Reputation: 13
I have a file with the format of
sjaskdjajldlj_abc:
cdf_asjdl_dlsf1:
dfsflks %jdkeajd
sdjfls:
adkfld %dk_.(%sfj)sdaj, %kjdflajfs
afjdfj _ajhfkdjf
zjddjh -15afjkkd
xyz
and I want to find the text in between the string _abc:
in the first line and xyz
in the last line.
I have already tried print
re.findall(re.escape("*_abc:")+"(*)"+re.escape("xyz"),line)
But I got null
.
Upvotes: 2
Views: 1615
Reputation: 104752
It sounds like you have a misunderstanding about what the *
symbol means in a regular expression. It doesn't mean "match anything", but rather "repeat the previous thing zero or more times".

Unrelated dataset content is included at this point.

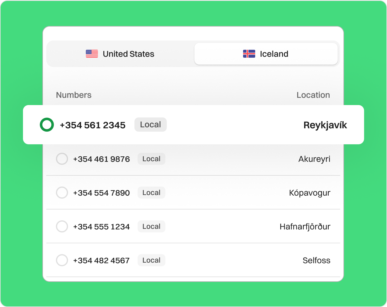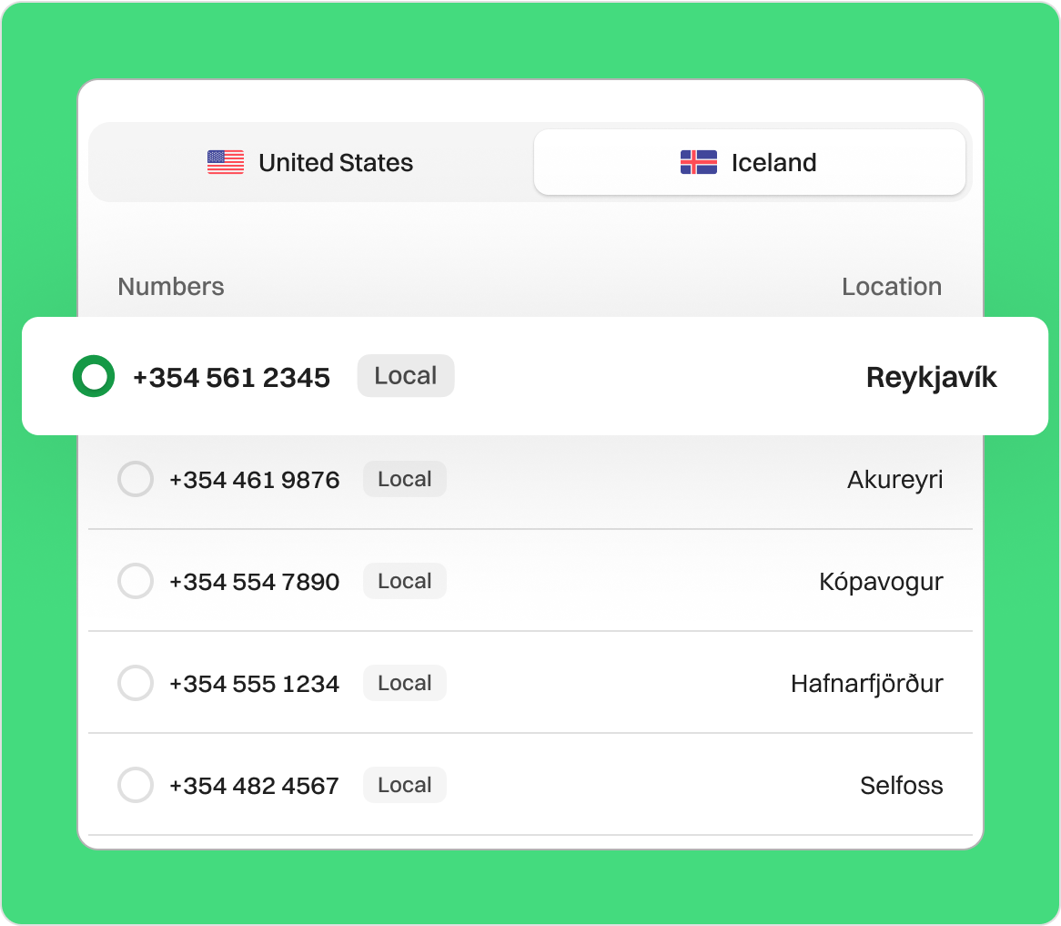 Unlock local calls with an Iceland virtual number. Select your country and region, and pick a number that suits your needs. You can even effortlessly get a vanity number or multiple numbers.

To match any string, you need to combine *
with .
, which matches any single character (almost, more on this later). The pattern .*
matches any string of zero or more characters.
So, you could change your pattern to be .*abc(.*)xyz
and you'd be most of the way there. However, if the prefix and suffix only exist once in the text the leading .*
is unnecessary. You can omit it and just let the regular expression engine handle skipping over any unmatched characters before the abc
prefix.
The one remaining issue is that you have multiple lines of text in your source text. I mentioned above that the .
patter matches character, but that's not entirely true. By default it won't match a newline. For single-line texts that doesn't matter, but it will cause problems for you here. To change that behavior you can pass the flag re.DOTALL
(or its shorter spelling, re.S
) as a third argument to re.findall
or re.search
. That flag tells the regular expression system to allow the .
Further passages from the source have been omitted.